В тот вечер почти все обитательницы чердака получили повестки на следующий эшелон. Получили их и моя соседка с дочкой.
— Что это значит? — испуганно допытывалась она у меня, сжимая полоску бумаги в руке.
— Терезин перенаселен, так что большинство вновь прибывших отправляется дальше на восток обустраивать новые гетто. Говорят, постепенно мы все туда переберемся. — ответила я той же фразой, которой накануне объясняли мне. Женщина успокоилась, мне даже показалось, что мой ответ ее обрадовал.
— Здесь жилось бы тяжело, — сказала она и окинула взглядом дырявую крышу. — Может, мне удастся там раздобыть очки для Павлинки.
В этом я сомневалась. Потому что мне не давал покоя вопрос, почему на такую тяжелую работу, как строительство новых городов, посылают стариков и семьи с маленькими детьми. А молодых людей распределяют на работу в Терезине. Я тоже получила распределение и на следующий день начала работать в швейном цехе.
С чердака меня переселили в женский блок в здании бывших казарм.
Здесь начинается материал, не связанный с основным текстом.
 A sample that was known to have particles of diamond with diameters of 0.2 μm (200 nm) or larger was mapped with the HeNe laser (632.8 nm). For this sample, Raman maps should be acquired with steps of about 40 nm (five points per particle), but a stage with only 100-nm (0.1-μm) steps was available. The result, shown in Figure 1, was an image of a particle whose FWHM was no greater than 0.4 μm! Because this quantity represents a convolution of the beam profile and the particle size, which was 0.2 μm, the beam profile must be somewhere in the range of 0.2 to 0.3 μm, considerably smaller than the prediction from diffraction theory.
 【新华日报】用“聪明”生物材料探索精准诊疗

Туда же вместе со мной вселился и мой новый друг — постоянный страх. Страх эшелонов, наказания, голода, болезней и одиночества. В узкой вытянутой каморке мы теснились втридцатером на деревянных трехъярусных нарах, но все равно жить в четырех стенах было лучше, чем спать на чердаке. Я отдавала себе отчет в том, как мне повезло, что я не застряла под крышей, где нельзя было пошевелиться, дуло со всех сторон и протекало из щелей. В казармах тоже было холодно, но точно не так, как на чердаках, в деревянных сараях, подвалах или сырых крепостных темницах, где приходилось ночевать менее удачливым.
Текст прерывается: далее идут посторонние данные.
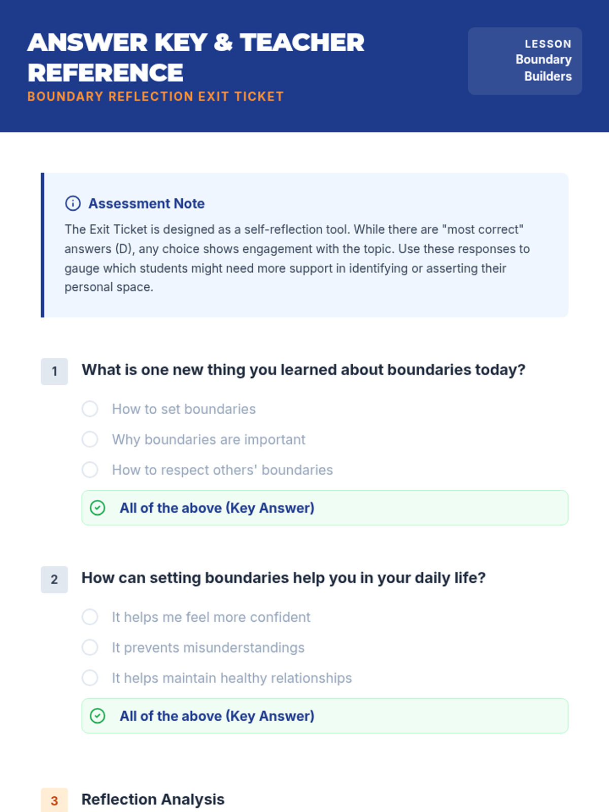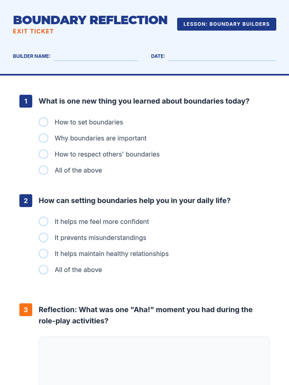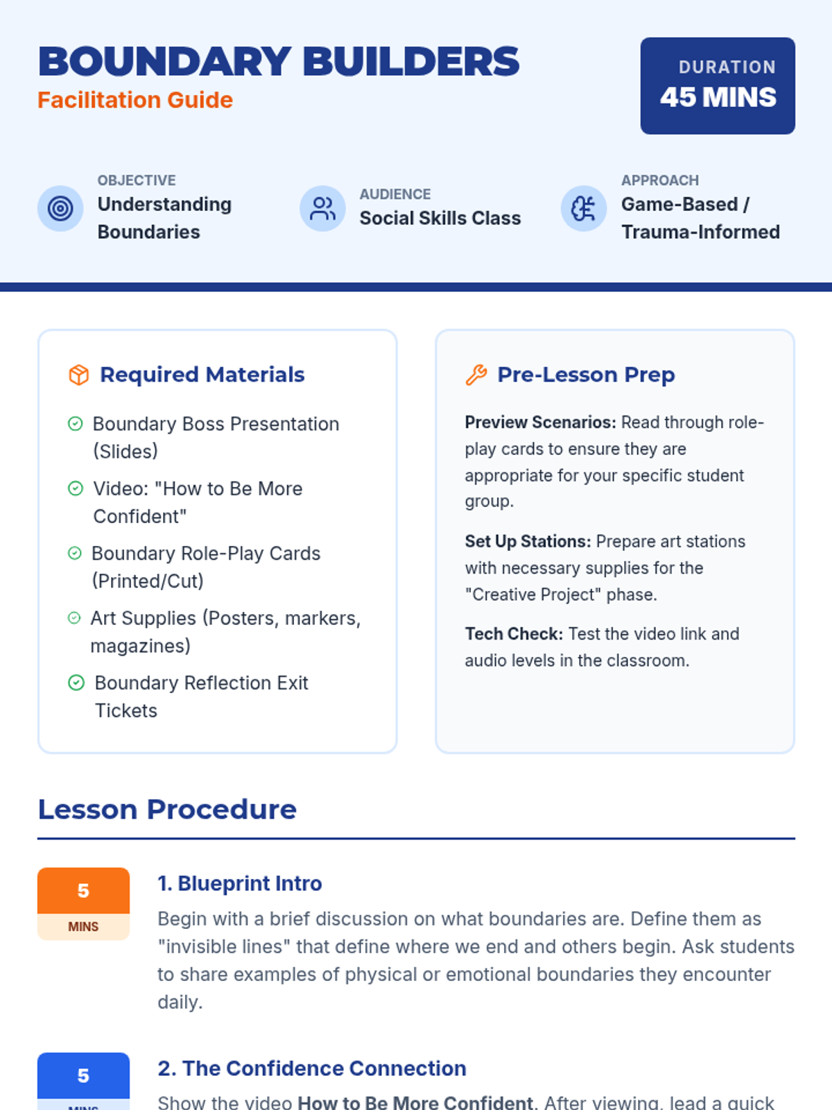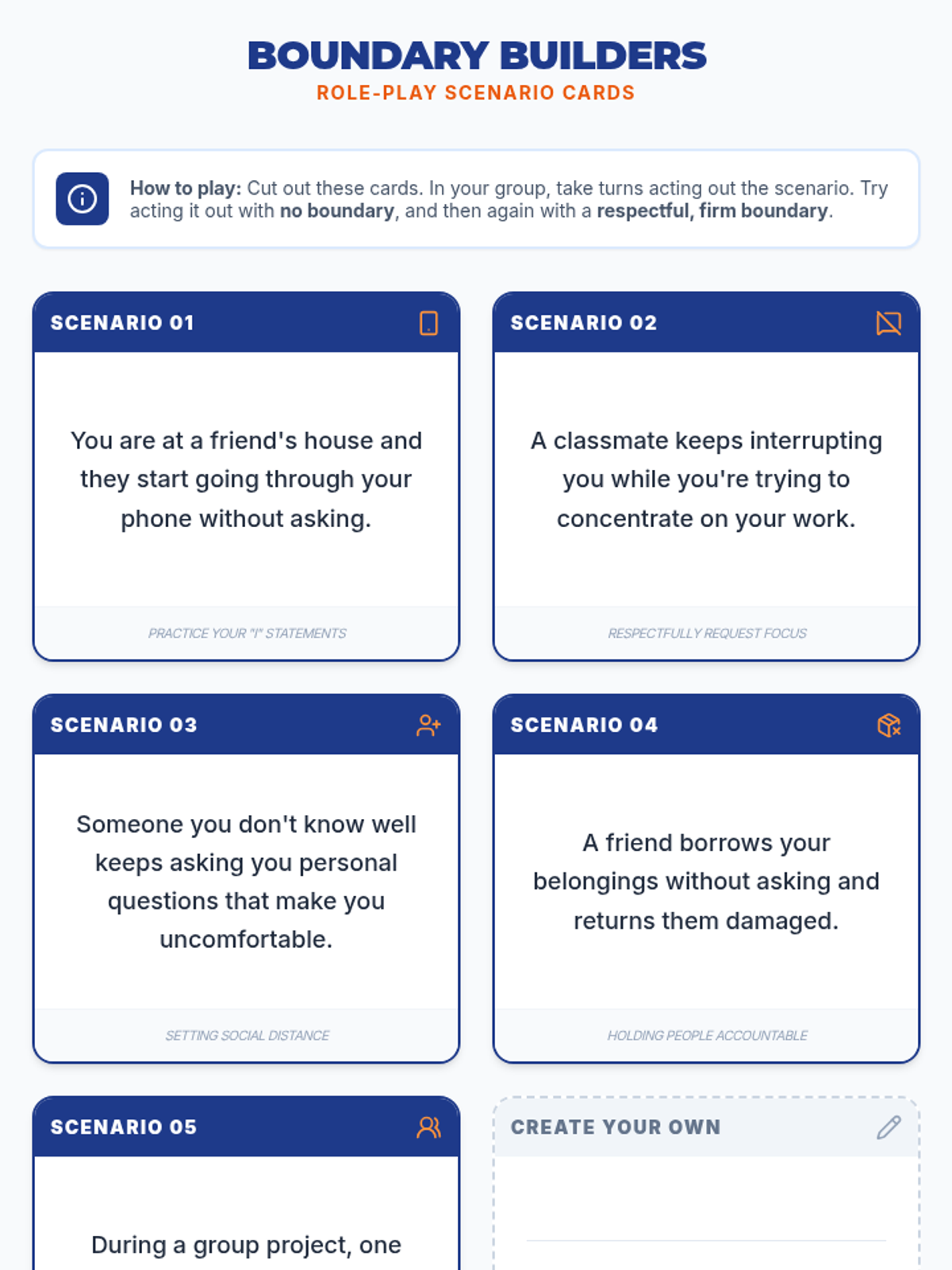 Students explore the concept of personal boundaries through interactive role-play, creative projects, and video analysis, fostering self-confidence and respect in social interactions.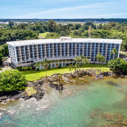 71 Banyan Drive, Hilo - Hawaii, HI, 96720, United StatesHilo's iconic oceanfront resort welcomes you to experience its renowned hospitality and hotel-style amenities. Guests will enjoy the comforts of air-conditioning in every room, from the banyan views to One-Bedroom Ocean View Suites with all-encompassing scenic views of Coconut Island, the Pacific Ocean, and towering Mauna Kea in the distance.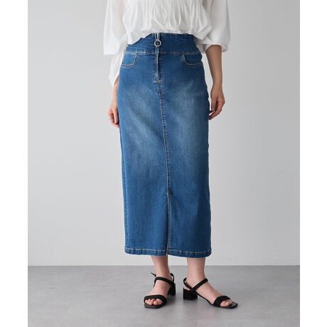 コットンストレッチで伸縮性がありはき心地のいいデニムスカート。

Большую часть дня я проводила в швейном цехе, закутавшись во всю теплую одежду, которая у меня была с собой. Я чинила немецкую униформу и, сжимая окоченевшими пальцами грубую шершавую материю, радовалась, что сижу под крышей и мне не приходится на улице рыть траншеи и заготавливать строительные материалы или работать в большом цирковом шатре на площади, где собирали и готовили к отправке в Германию запчасти для двигателей. Я вспоминала маму, в душе благодарила ее за предусмотрительность, с какой она нам всем помогла собрать чемоданы, и надеялась, что там, на востоке, им с бабушкой и дедом живется лучше и они не страдают от холода и голода.
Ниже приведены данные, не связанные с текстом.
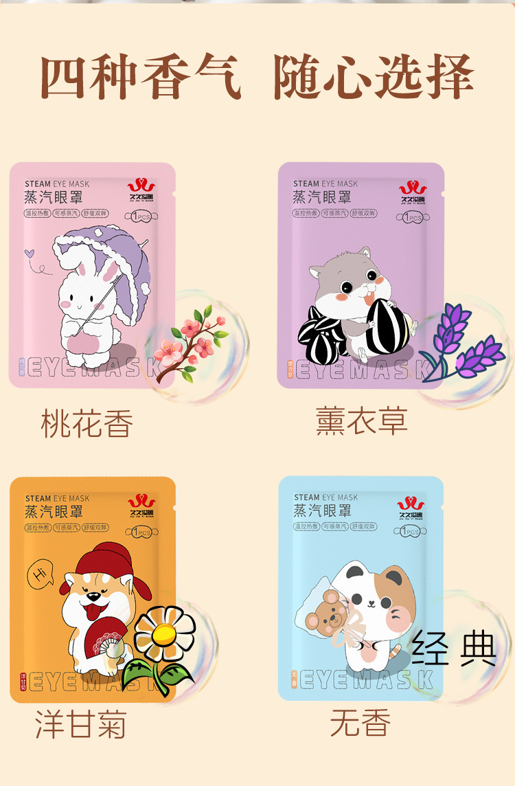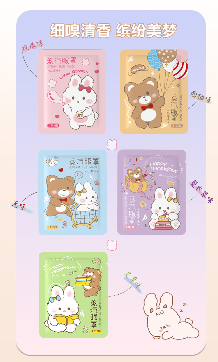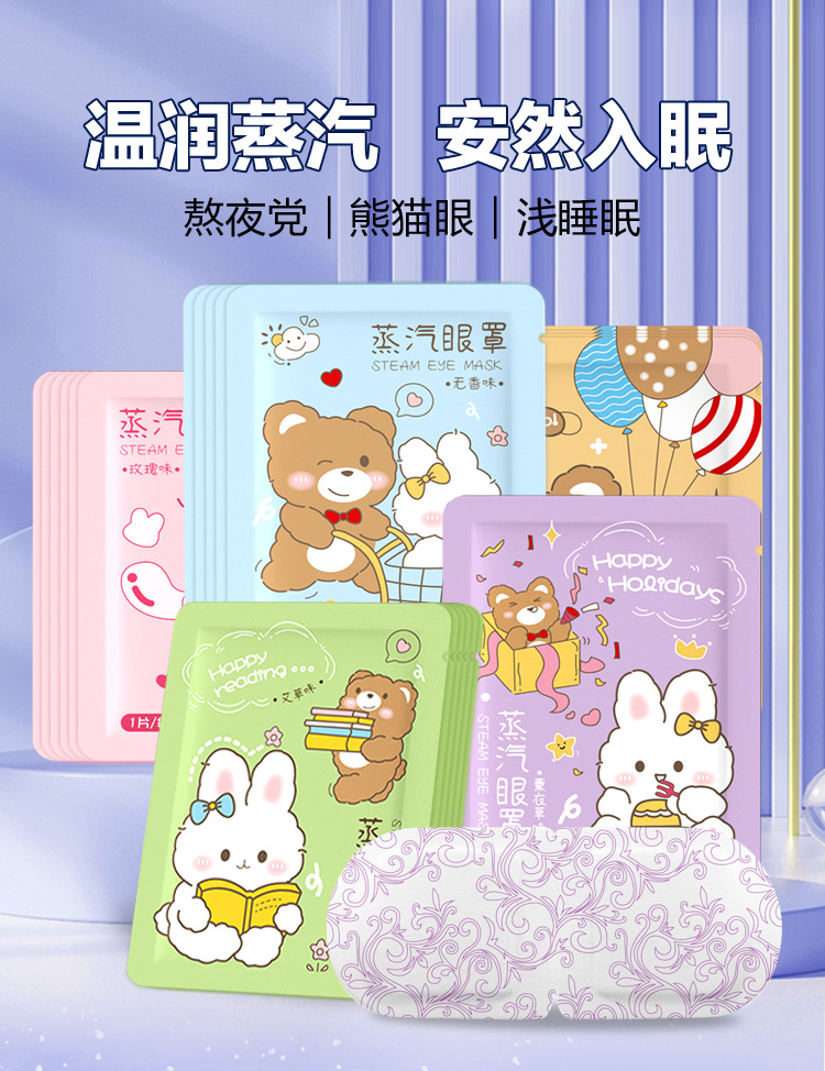 Мультяшная версия паровой маски для глаз оптом для снятия усталости глаз, затенения, нагревательной повязки для глаз с постоянной температурой, самонагревающейся защитной повязки для глаз для сна

От голода я страдала почти постоянно. На завтрак нам давали жидкость, которую называли кофе, на обед — баланду или парочку нечищеных картофелин под соусом, на ужин — хлеб и иногда маргарин.
Но сильнее даже, чем голод, меня мучили тоска и одиночество.
Когда я впервые перешагнула порог барака и нашла предназначенную мне койку, никто не обратил на меня внимания. Комната была полупустая, потому что у многих женщин были в других блоках гетто родственники, и свободные вечера они старались использовать, чтобы повидаться с семьей. Некоторые женщины, облокотившись на нары, разговаривали, другие лежали и отдыхали. Кроме нар и чемоданов в комнате ничего не было. Ни стола, ни шкафа, ни стула… ничего.